NVIDIA / gpu-feature-discovery

GPU plugin to the node feature discovery for Kubernetes
Apache License 2.0
287 stars 47 forks source link

Any plan to upgrade NFD helm chart to latest v0.10.1? #21

Closed anaconda2196 closed 1 year ago

anaconda2196 commented 2 years ago

Hi @klueska @elezar

I am using GFD v0.4.1 with NFD v0.6.0 (https://github.com/NVIDIA/gpu-feature-discovery/tree/master/deployments/helm/gpu-feature-discovery)

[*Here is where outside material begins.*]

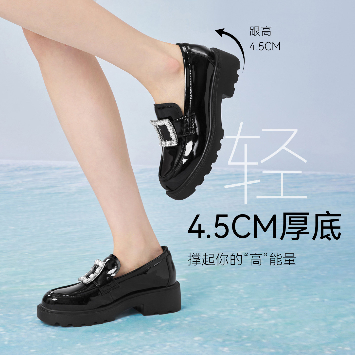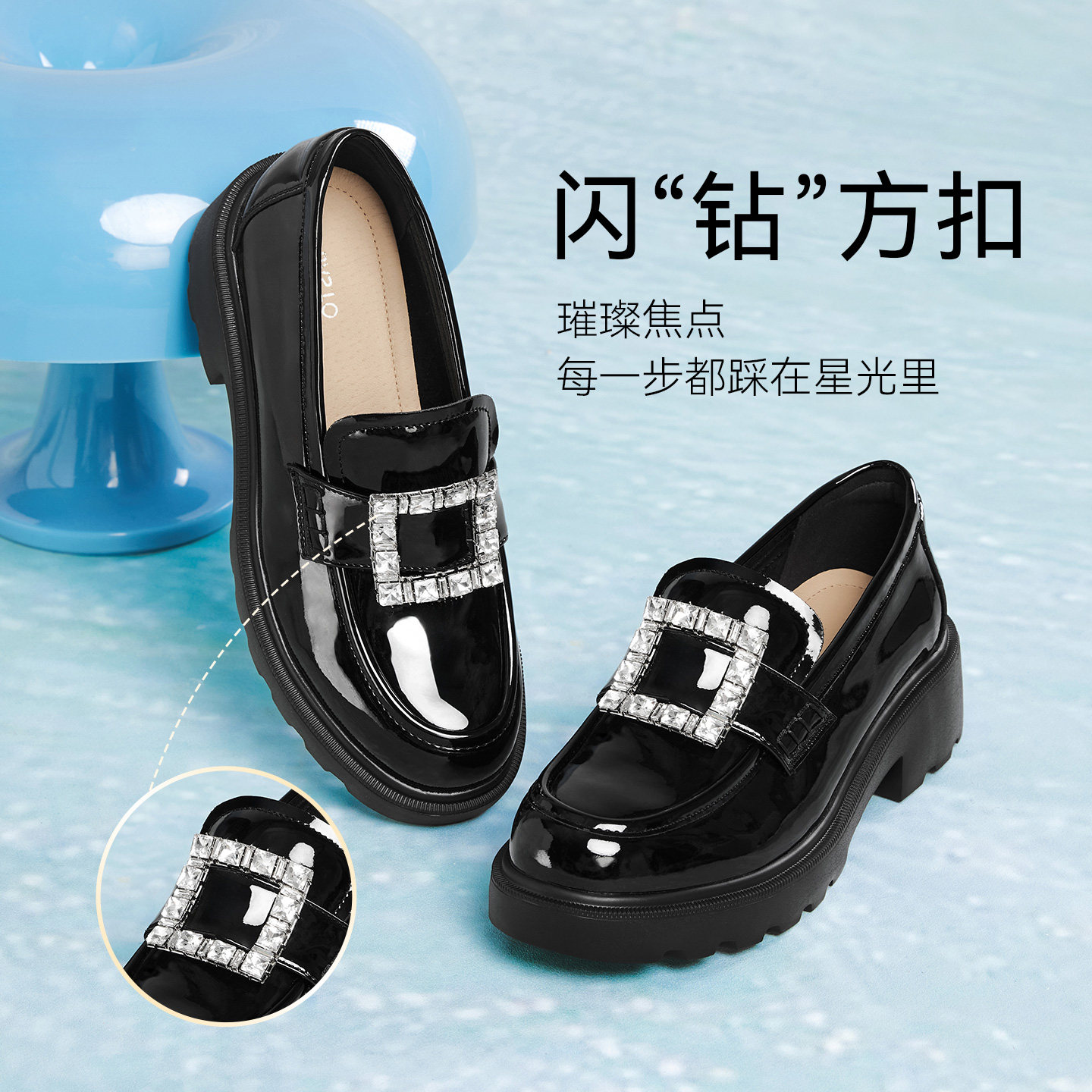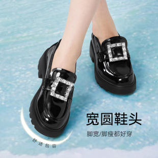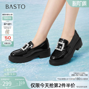 女单鞋 百思图2026春季 小皮鞋 方扣英伦风厚底乐福鞋 UXV10AA6 新款

For MIG I am following - https://github.com/NVIDIA/gpu-feature-discovery#deployment-via-helm (GFD Helm chart also deploys the Node Feature Discovery (NFD) as a prerequisite Reference - https://docs.nvidia.com/datacenter/cloud-native/mig/mig-k8s.html)

Everything is working as expected.

I am facing same issue - https://github.com/kubernetes-sigs/node-feature-discovery/issues/539

I am trying to bump up NFD with v0.10.0 but looks like GFD is not compatible with that.

Do you have any plan to upgrade NFD helm chart here - https://github.com/NVIDIA/gpu-feature-discovery/tree/master/deployments/helm/gpu-feature-discovery with latest version?

klueska commented 2 years ago

Can you explain what you mean by "incompatible" with it?

I realize that the embedded NFD chart in the GFD repos is very much out of date (and should probably be updated), but we run GFD with NFD version 0.10.1 in the NVIDIA GPU Operator without issues: https://github.com/NVIDIA/gpu-operator/blob/master/deployments/gpu-operator/charts/node-feature-discovery/Chart.yaml

Have you deployed NFD v0.10.0 manually and tried to run GFD on top of it? That is to say, deploying NFD manually, and then deploying GFD with nfd.deploy=false.

elezar commented 2 years ago

@anaconda2196 were you able to solve your issue here?

elezar commented 1 year ago

@anaconda2196 since the NFD Helm chart version is now at 0.11.0. I am closing this issue.